*** Exercise data Section Begins ***

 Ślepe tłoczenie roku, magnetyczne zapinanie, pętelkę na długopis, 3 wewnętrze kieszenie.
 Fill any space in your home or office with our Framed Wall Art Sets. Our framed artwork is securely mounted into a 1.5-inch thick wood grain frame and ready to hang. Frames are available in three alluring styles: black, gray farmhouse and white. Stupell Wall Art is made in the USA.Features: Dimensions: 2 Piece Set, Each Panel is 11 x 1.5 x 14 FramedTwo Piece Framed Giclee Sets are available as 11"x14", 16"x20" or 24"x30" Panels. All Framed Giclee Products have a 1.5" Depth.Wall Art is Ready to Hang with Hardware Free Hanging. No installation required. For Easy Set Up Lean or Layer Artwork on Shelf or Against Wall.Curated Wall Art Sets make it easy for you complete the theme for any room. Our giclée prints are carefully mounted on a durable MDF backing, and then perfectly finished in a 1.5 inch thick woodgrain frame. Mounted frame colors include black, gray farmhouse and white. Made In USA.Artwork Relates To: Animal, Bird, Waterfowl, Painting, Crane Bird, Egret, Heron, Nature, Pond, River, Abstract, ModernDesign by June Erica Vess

*** Exercise data Section Ends ***
*** Exercise data Section Begins ***

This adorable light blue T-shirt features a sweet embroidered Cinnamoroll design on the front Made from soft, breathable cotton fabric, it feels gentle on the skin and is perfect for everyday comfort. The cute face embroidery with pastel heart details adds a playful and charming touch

*** Exercise data Section Ends ***

Requirement:
Using the data above, repeat exactly the lines that begin at the line with "Ślepe tłoczenie roku, magnetyczne" and end at the line with "Fill any space", both ends included.

Task result:
 Ślepe tłoczenie roku, magnetyczne zapinanie, pętelkę na długopis, 3 wewnętrze kieszenie.
 Fill any space in your home or office with our Framed Wall Art Sets. Our framed artwork is securely mounted into a 1.5-inch thick wood grain frame and ready to hang. Frames are available in three alluring styles: black, gray farmhouse and white. Stupell Wall Art is made in the USA.Features: Dimensions: 2 Piece Set, Each Panel is 11 x 1.5 x 14 FramedTwo Piece Framed Giclee Sets are available as 11"x14", 16"x20" or 24"x30" Panels. All Framed Giclee Products have a 1.5" Depth.Wall Art is Ready to Hang with Hardware Free Hanging. No installation required. For Easy Set Up Lean or Layer Artwork on Shelf or Against Wall.Curated Wall Art Sets make it easy for you complete the theme for any room. Our giclée prints are carefully mounted on a durable MDF backing, and then perfectly finished in a 1.5 inch thick woodgrain frame. Mounted frame colors include black, gray farmhouse and white. Made In USA.Artwork Relates To: Animal, Bird, Waterfowl, Painting, Crane Bird, Egret, Heron, Nature, Pond, River, Abstract, ModernDesign by June Erica Vess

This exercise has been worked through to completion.